Two-Spirit, non-binary, gender identity, identity, social pressure, Two-Spirit elders, learning, racism, LGBTQ community, refugees, community support, advice, advocacy, gay-straight alliance, labels, developmental disabilities
Tara: When you worked with the two-spirit kids –the two-spirit kids- did any particular issues come up or because of how you identify was there a particular work you could do with them that seemed important?
Alec: A lot of them were just learning about the two-spirit identity too, right?
Alec: ‘Cause it wasn’t something that was on people’s radar.
Alec: There was trans women, trans girls, but genderqueer, non-binary, two-spirit was so not on the radar in a lot of people’s minds that, um, yah, just um, just the pressure. There’s a subtle pressure when you come out as trans or you’re gonna go and travel to another gender.
Alec: Right, but some of them didn’t feel that way. They didn’t want to change their gender, they didn’t want to do surgery, they just wanted to be who they were. Which is another interesting aspect that they were kind of even at odds with the trans community sometimes. And yah. I tried to provide some- what I knew, the research I’d done for the past twenty years about two-spirit, trying to share what I knew with them and yah, so that’s what I tried to do, just share what I knew and introduced them to older two-spirit people in the community. Yah, so yah it was a learning experience for all of us I guess. Me learning about their issues. Mostly it was I think based on racism too.
Alec: Experiencing racism in the community too and some of that coming up.
Tara: In the trans community?
Alec: Yup, or in the gay community.
Tara: In the gay community.
Alec: Yah, I know one of the young –young performers, um, oh, they were also refugees. One of them came from another –came from Africa.

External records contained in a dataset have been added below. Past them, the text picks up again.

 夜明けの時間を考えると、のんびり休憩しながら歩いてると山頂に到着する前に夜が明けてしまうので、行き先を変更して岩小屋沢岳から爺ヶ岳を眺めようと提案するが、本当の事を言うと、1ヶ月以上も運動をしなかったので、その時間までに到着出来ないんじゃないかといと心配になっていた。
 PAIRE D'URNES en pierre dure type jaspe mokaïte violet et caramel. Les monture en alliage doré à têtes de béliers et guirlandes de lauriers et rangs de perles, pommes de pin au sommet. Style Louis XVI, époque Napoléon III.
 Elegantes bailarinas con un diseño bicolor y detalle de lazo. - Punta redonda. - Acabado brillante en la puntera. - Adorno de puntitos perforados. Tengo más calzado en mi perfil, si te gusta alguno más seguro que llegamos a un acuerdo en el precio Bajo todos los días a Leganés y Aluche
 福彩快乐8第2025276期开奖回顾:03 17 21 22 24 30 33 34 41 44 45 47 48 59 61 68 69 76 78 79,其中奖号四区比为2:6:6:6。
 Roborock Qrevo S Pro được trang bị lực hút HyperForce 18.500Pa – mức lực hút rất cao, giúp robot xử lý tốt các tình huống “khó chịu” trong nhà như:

Alec: Somalia. They were from Somalia, came here at a young age. So they had that to deal with too. The expectations of their family to be –assimilate in the Canadian culture.
Alec: And be straight and get married and all that was coming up for them too.

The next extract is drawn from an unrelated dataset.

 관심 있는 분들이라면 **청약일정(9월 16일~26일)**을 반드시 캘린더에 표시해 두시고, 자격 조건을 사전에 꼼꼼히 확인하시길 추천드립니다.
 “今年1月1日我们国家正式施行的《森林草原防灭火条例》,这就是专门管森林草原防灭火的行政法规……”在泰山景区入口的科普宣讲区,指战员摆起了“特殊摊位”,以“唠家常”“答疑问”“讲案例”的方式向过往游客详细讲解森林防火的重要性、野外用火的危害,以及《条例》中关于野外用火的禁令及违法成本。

Alec: So yah, so I think they bonded with each other too. Which was really great to see and formed a little community there amongst themselves so that was kind of cool.
Tara: It sounds like the kind of –exactly the kind of community and guidance that a school could have provided. Your youth had to find outside the school, within the community. If there were things that teachers or other school folk could do, what would they be if, so that those kids could find what they needed at school?
Alec: Understanding teachers, who knew about two-spirit or knew about gender queer or any trans issues would have helped. Um, peers they could go to, like a Gay-Straight Alliance.
Alec: Uh, peer support, teacher support, institutional support from the school would have helped.
Tara: Right. To deal with the bullying, you mean?
Alec: Yah, the bullying, the –also the labelling of them as slow and stuff like that. I thought that was –that was really disturbing to me when I heard that. Also because it’s personal to me because I had the same experience in school. I was considered slow and retarded in school ‘cause I was quiet and shy and I knew I was different, you know, from a young age, so I really felt for them going through that. And, yah, a lot of them were going through family stuff too, their brothers and sisters not understanding, but ten years later I think they’re all on pretty good terms with their family now. Reconnected with their families for the most part, so yah. So they got through it.
Tara: It’s a happy story. It’s a happy story.